■ Data for analysis

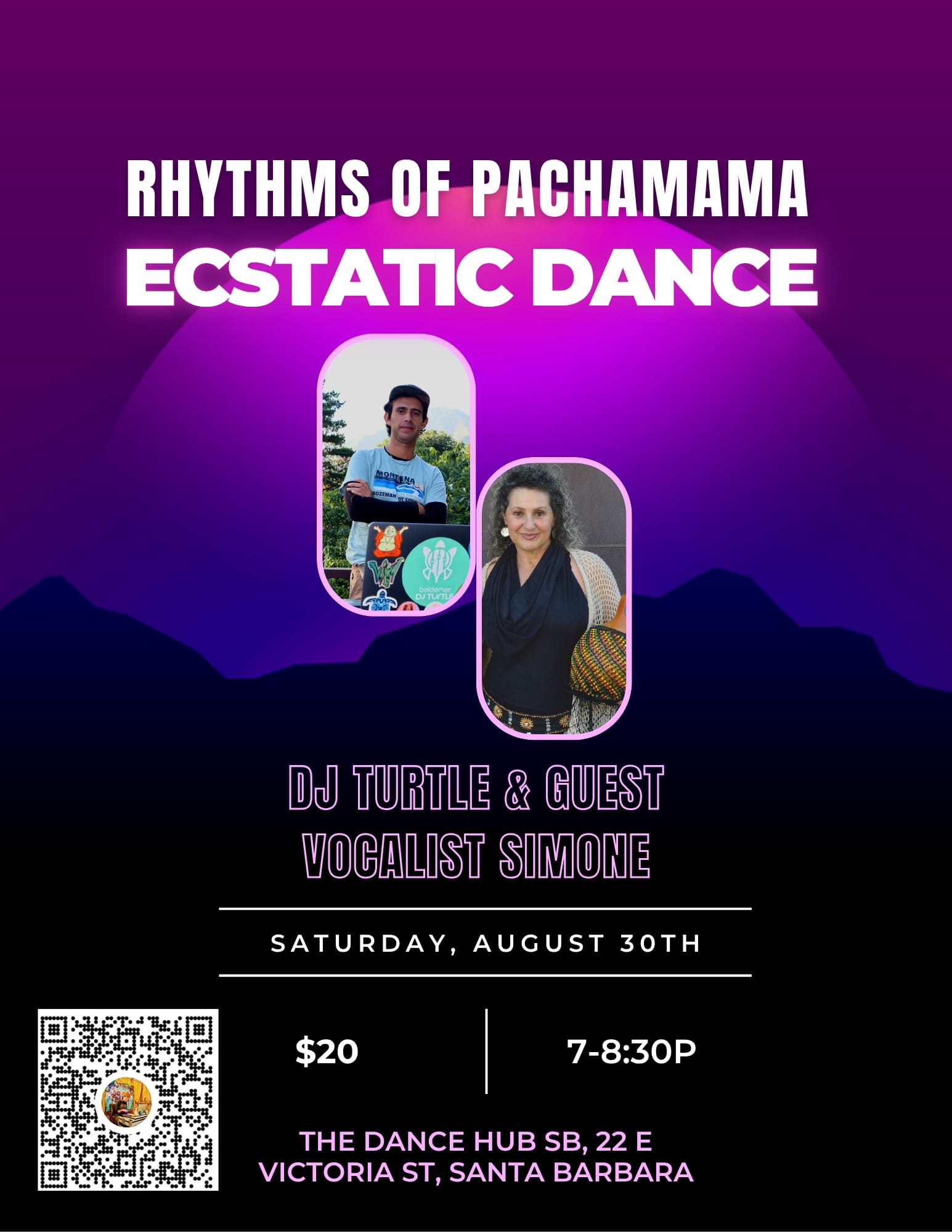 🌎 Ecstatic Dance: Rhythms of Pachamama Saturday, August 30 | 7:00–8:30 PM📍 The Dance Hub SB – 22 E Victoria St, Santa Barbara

* * *

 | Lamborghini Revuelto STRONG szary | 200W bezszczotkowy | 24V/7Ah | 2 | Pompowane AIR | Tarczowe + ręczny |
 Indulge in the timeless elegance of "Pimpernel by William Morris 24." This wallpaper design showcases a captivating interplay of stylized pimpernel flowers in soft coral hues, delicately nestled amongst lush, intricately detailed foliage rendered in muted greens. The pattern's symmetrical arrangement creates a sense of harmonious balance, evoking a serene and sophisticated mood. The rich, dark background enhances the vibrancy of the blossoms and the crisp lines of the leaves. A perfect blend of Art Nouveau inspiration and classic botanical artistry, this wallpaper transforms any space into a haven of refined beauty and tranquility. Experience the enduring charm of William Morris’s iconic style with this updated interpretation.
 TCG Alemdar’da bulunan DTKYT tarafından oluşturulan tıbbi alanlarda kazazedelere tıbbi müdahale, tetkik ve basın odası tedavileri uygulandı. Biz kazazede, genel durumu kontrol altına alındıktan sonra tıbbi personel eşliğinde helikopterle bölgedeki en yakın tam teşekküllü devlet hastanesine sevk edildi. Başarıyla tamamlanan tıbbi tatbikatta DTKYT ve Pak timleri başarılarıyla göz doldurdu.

* * *

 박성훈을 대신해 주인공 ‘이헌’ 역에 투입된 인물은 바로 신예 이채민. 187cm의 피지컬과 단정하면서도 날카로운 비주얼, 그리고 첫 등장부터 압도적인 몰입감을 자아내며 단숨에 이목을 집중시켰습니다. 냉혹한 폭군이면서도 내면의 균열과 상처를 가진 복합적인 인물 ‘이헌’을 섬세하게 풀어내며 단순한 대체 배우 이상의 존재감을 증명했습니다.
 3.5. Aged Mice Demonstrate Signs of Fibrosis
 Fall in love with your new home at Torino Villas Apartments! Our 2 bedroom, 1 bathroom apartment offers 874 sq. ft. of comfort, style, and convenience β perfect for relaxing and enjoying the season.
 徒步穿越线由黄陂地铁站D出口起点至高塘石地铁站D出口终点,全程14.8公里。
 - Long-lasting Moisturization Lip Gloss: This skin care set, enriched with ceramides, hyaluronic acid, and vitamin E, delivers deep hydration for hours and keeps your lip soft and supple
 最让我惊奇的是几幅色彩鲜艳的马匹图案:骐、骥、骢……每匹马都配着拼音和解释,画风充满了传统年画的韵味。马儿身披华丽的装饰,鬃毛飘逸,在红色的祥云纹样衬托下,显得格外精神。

■ Your objective
Everything from the line with "박성훈을 대신해 주인공" through the line with "最让我惊奇的是几幅色彩鲜艳的" should be written out exactly as it appears above, end lines included, and nothing outside that range.

■ Output for this task
 박성훈을 대신해 주인공 ‘이헌’ 역에 투입된 인물은 바로 신예 이채민. 187cm의 피지컬과 단정하면서도 날카로운 비주얼, 그리고 첫 등장부터 압도적인 몰입감을 자아내며 단숨에 이목을 집중시켰습니다. 냉혹한 폭군이면서도 내면의 균열과 상처를 가진 복합적인 인물 ‘이헌’을 섬세하게 풀어내며 단순한 대체 배우 이상의 존재감을 증명했습니다.
 3.5. Aged Mice Demonstrate Signs of Fibrosis
 Fall in love with your new home at Torino Villas Apartments! Our 2 bedroom, 1 bathroom apartment offers 874 sq. ft. of comfort, style, and convenience β perfect for relaxing and enjoying the season.
 徒步穿越线由黄陂地铁站D出口起点至高塘石地铁站D出口终点,全程14.8公里。
 - Long-lasting Moisturization Lip Gloss: This skin care set, enriched with ceramides, hyaluronic acid, and vitamin E, delivers deep hydration for hours and keeps your lip soft and supple
 最让我惊奇的是几幅色彩鲜艳的马匹图案:骐、骥、骢……每匹马都配着拼音和解释,画风充满了传统年画的韵味。马儿身披华丽的装饰,鬃毛飘逸,在红色的祥云纹样衬托下,显得格外精神。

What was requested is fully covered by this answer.